After doing quite a bit more research, we are interested in using live rock, but I have been told that the filtration system we have would not work well with live rock. I have spent a fair amount of time online trying to determine what makes a filtration system compatible or non-compatible with live rock and haven't really found much information. 

We need something that is as safe as possible to get into and relatively low maintenance. We have no desire to get into coral any time in the near future. 

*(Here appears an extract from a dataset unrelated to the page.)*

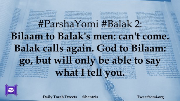 #ParshaYomi #Balak 2: Bilaam to Balak’s men: can’t come. Balak calls again. God to Bilaam: go, but will only be able to say what I tell you.
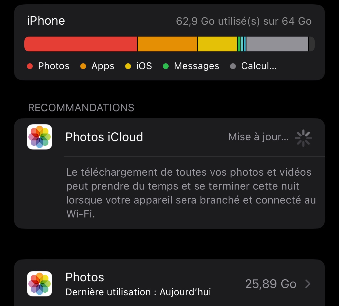 j’ai souscrit a un abonnement icloud+ (200) car mon stockage était plein, maintenant que j’ai de l’espace mes photos (14000) ne veulent pas se télécharger. Ils précise qu’une attente est possible le temp de tout le téléchargement mais cela fait 7 jour que l’icône “photos icloud” dans “stockage iPhone” tour en me disant “mise a jour” 8 JOURS. Pourquoi faire payer un abonnement pour qu’il soit inutile. (Mon téléphone et branché et en wifi)

Any thoughts on how we could best integrate live rock into the system we have or what filtration changes would be needed to support a fish only with live rock tank?

Thanks


----------



## eagleANTH (Jun 26, 2009)

ditch the can filter... the live rock is a natural filter and the wet dry will also assist you in the filtration process. The canister filter also holds in nitrates which may cause a problem down the road. Best possible setup would be a sump with some Macro algae and a skimmer. That way you are pulling your nitrates and other assorted gunk out with the skimmer and macro. At the same time the Macro will suck up needed nutrients for micro algae which will minimize your chances for a major nuisance algae problem. Also I am not sure if you have worked with a canister filter before but they are a real pain to maintenance, they have gaskets that have to be on just right and free of all debris which are plentiful in any aquarium. also if and when it fails you can end up emptying the tank on the floor. this is just my .02 but i am sure there will be others to post as well.


----------



## Perceval (Jan 11, 2010)

From what I am finding, the canister filter is not necessarily incompatible with live rock, but is not really needed if the live rock is functioning properly and the canister can be somewhat of a maintenance pain. Even though we've had a fresh water tank for years, it is amazing how much there is to learn moving to saltwater. 
Thanks for the feedback.


----------



## joejoe1055 (Nov 23, 2009)

you can keep the canister filter on, just keep it cleaned out, lack of cleaning them will add to a nitrate problem in future
maybe just run something like carbon in it

starting fisk only would be great, if u plan on doing reef later, just try get fish that would work in a reef system as well example: clownfish, a tang, grammas, dottybacks, gobies


----------



## Imaexpat2 (Jun 17, 2009)

> After doing quite a bit more research, we are interested in using live rock, but I have been told that the filtration system we have would not work well with live rock. I have spent a fair amount of time online trying to determine what makes a filtration system compatible or non-compatible with live rock and haven't really found much information.


The reason you cant find any incompatability information is becuase there aint any. Dont know who told you there was but I wouldnt listen to any more advice from them. Live rock is highly desirable as a componet for the filtrations system, in fact its actually prefered whether its a FOWLR or Reef Tank. Some use Live Rock exclusively. While this can work in very lightly stocked tanks with generous amounts of Live Rock I am not yet sold on this being the sole and only way to go for a number of reasons. It will however contribute to a very healthy system that should be a breeze to maintain.

Bio-Balls s%&! They are more trouble than they are worth in my opinion. Snatch them from your canister and replace with Live Rock Rubble, but still continue to monitor your nitrates closely in the tank. The Bio Balls work great for a while but once they get coated in gunk quickly lead to high nitrate issues as you will also experience if you slack on maintaining your canister filter.



> Any thoughts on how we could best integrate live rock into the system we have or what filtration changes would be needed to support a fish only with live rock tank?



Yeah, just pick out some nice interesting pieces of pourous live rock and add it to the tanks aquascape and call it done. Personally I think you would have been better served with a sump type filtration system. But that is something you can later add at a more convienent time if you so desire. The sump system would be far superior to any other type in my experience.


----------